九尾狐體質特殊,傷口會自主愈合,風戚不得不一次次劃開臀肉,變出水流沖洗,再擠出毒血。
風知曉敞開雙腿,顏色偏淺的性器安靜垂著,在風衣打成的結旁邊如同一位矜持的貴公子。眼前這副畫面風戚做夢都沒敢想過,心臟不受控制地加速跳動,仿佛撞到肋骨。
“嗯?”腿肉在肩膀上滑行,腳趾玩弄著風戚微紅的耳尖,“爸你看著我。”風知曉不知道自己那來的膽子,也不知道自己為什么這樣做,可能,也許,只是想看風戚這張永遠嚴肅古板的臉上露出其他不同的表情。
如果是委屈的,嬌俏的,欲求不滿的,那就更好了。
風戚搖頭掙了一下,并沒有直視風知曉。
小腿戀戀不舍地再次碰了碰風戚的頸肉,風知曉本打算就此停手的,沒想到卻惹火了風戚。
抓住腳踝,猛地把一條長腿壓在胸前,風戚眼里的怒意能烤熱一灣溪流,“這是你對待長輩的態度?”
“姿勢有點,過分啊。”狐貍天性在這一刻得到釋放,風知曉仰頭拉出完美的脖頸線條,即將頂破皮膚的喉結上下滑動兩次,“嗯……你抵著我了。”
情動時的呻吟也不過如此。
風戚一驚,快感要命地竄出來,逼紅已經恢復正常的耳尖。
視線往下,膝蓋頂著風知曉的囊袋,右邊被擠得變了形。
目光仿若自有意識一般一寸寸往下游,腹股溝連接著皮膚嫩白的大腿根,再往下,是屁股渾圓誘人的曲線和一條滿是秘密的縫隙。

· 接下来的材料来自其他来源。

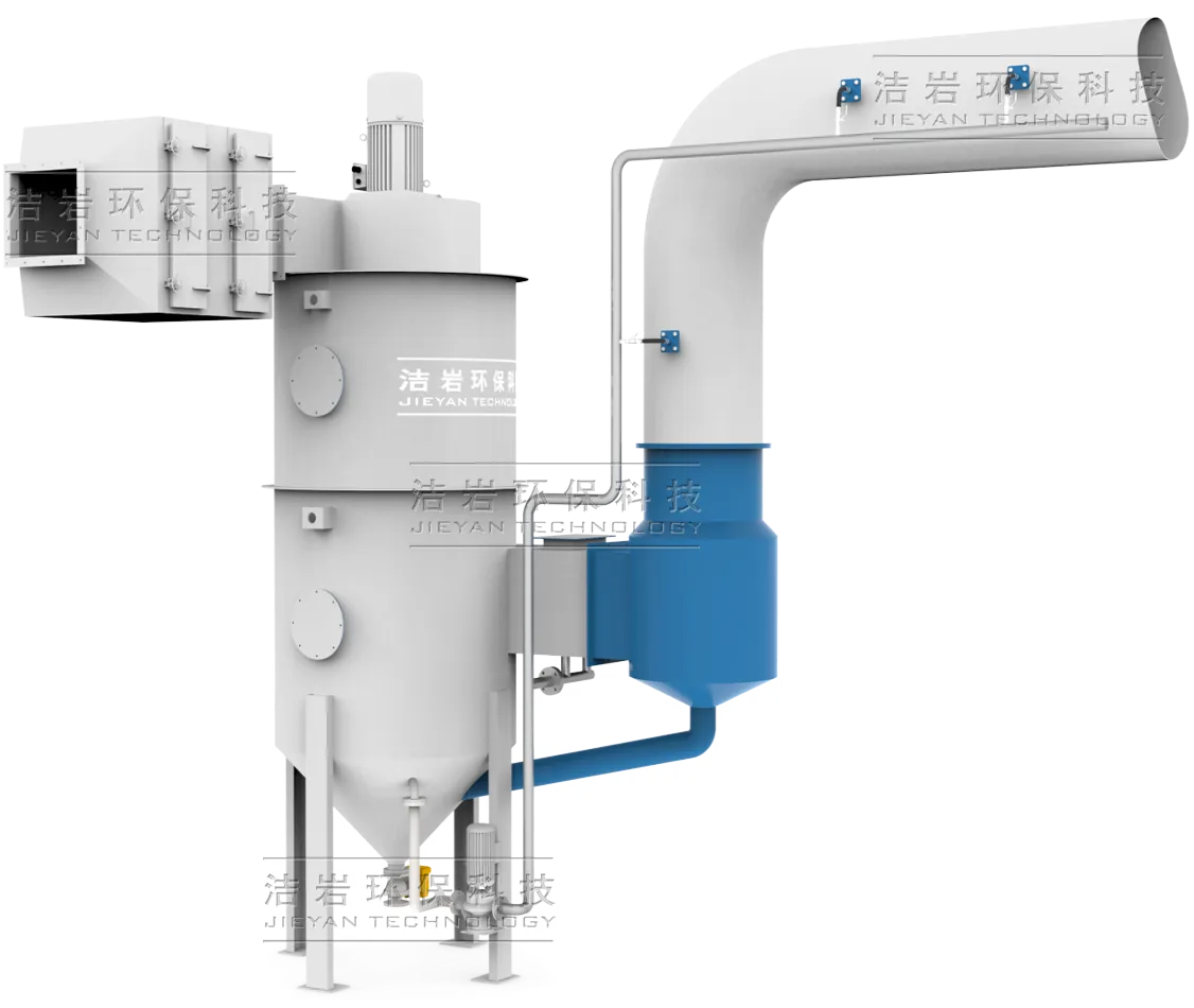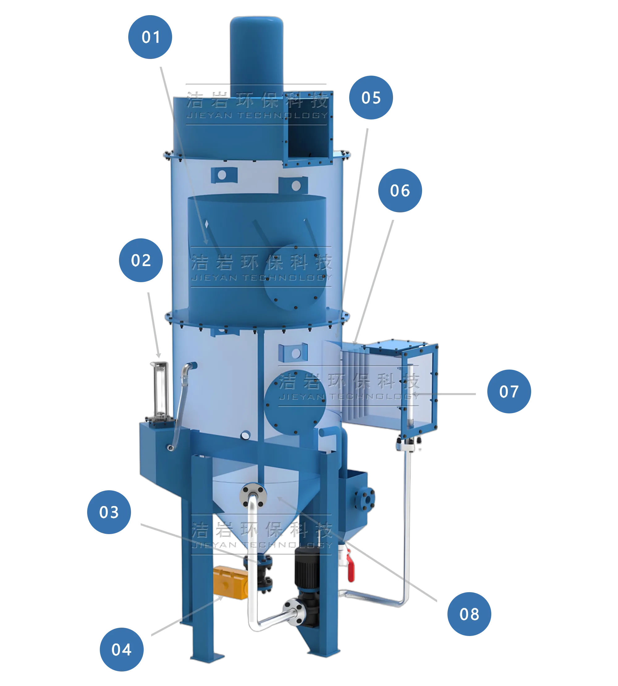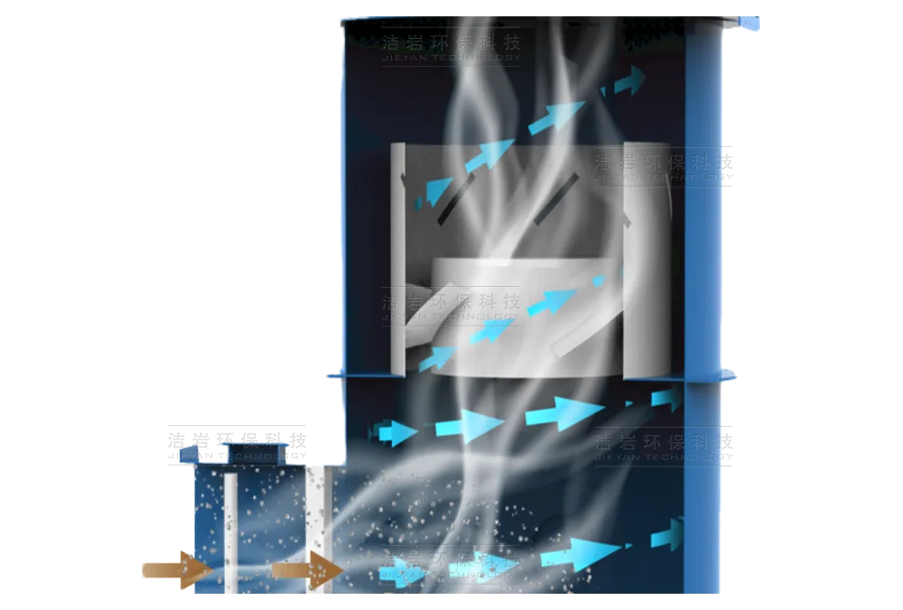 第一重利用切向进风产生离心力,使较重含尘液滴下沉。第二重采用独特双层旋流装置,有效隔离脱除的水雾与上升气流,防止液滴二次夹带,确保脱水除雾效率最大化。

風戚像個十七八歲第一次看到異性身體的毛頭小子,癡癡看著那處,無法移開視線。
蛇毒迅速擴展,風知曉開始頭暈流口水,眼前白花花一片什么也看不清,再沒機會調戲風戚,他咽部出現阻塞感,艱難地呼吸著。
沒過多久,風知曉唇色發紫,有呼吸動作但無通氣。再這樣下去很可能心跳驟停死亡,風戚雙手疊扣按在胸骨位置開始做心肺復蘇。
人工呼吸多次后,風知曉恢復意識醒來,一拳沖向風戚面部。
“初吻?沒交過女朋友?”風戚語氣輕快,好像嘲笑小弟的大哥。
風知曉劇烈地喘著,手背狂擦嘴唇,心中痛呼:混蛋,老子千金難賣萬金不買的初吻啊。
“人工呼吸不算吻,這樣才算吻。”
掐著風知曉的臉頰,風戚用一個霸道的吻教育剛才以下犯上的晚輩,舌頭闖進口腔,肆意地侵略,搶奪。

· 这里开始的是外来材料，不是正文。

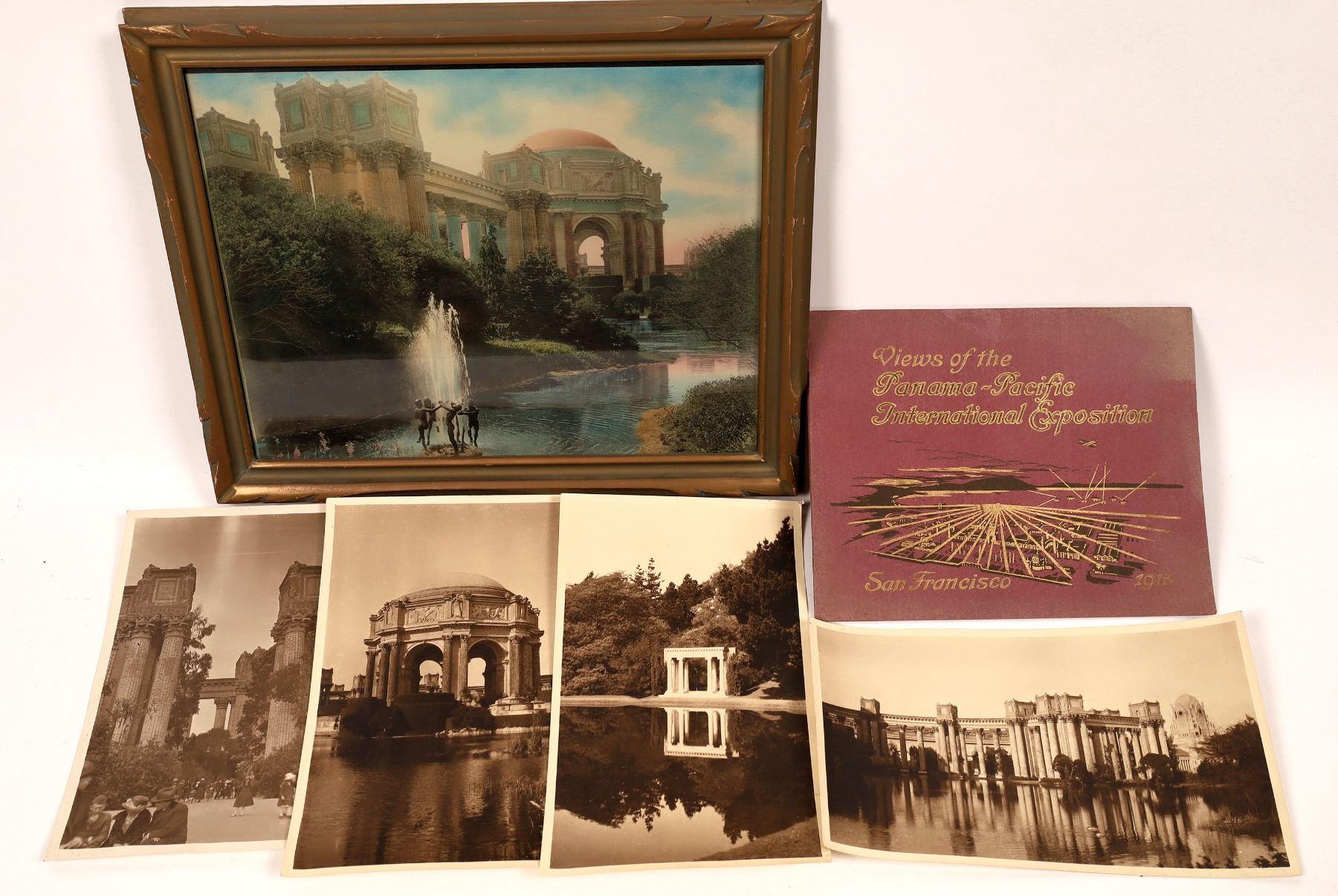 Brochure "Views of the Panama-Pacific International Exposition" (10 x 8 inches) with over a dozen views of the 1915 Fair. Framed color watercolor of the Palace of Fine Arts, 16 x 14 inch frame. Four B&W photos from the fair, about 6 x 10 inches.
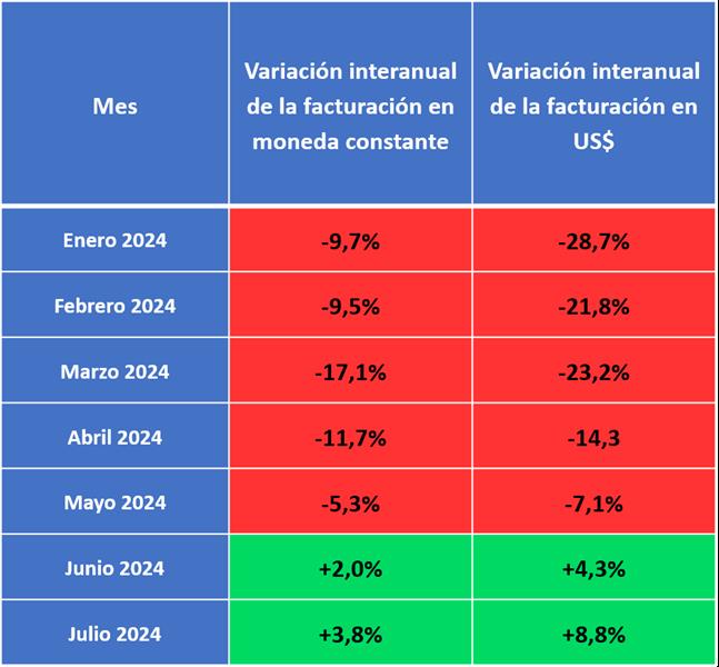Si analizamos la evolución de la facturación en pesos constantes, mes a mes en lo que va del año 2024, podemos observar que se aceleró la caída en marzo y luego, producto de los mejores precios y una desaceleración en la caída interanual de la producción, la facturación comienza a recomponerse y ya en junio y julio se supera al año anterior tanto en pesos constantes como en dólares:

露出真面目的那一刻,風戚便打算抹掉風知曉有關于他的記憶。
作為神明的接班人,風知曉的一生必須規行矩步,有悖常理的感情沒有存在的意義,他期盼著風知曉體體面面接任神職的那天,怎么可能會放任父子間發生越軌之情。
情到濃時,風戚撈起風知曉的腰,揉捏那一截想念了很久的柔韌。
面對猛烈的攻勢,風知曉本想反抗的,身體卻不聽指揮,竟然暈暈乎乎地順從,口唇放松,與風戚趨于溫柔的舌身廝磨。
風知曉的氣息像是早晨飛著蝴蝶的田園,有淡淡的甜味,更多的是清香,總之,是風戚認為很舒服的味道,讓他沉醉其中的味道。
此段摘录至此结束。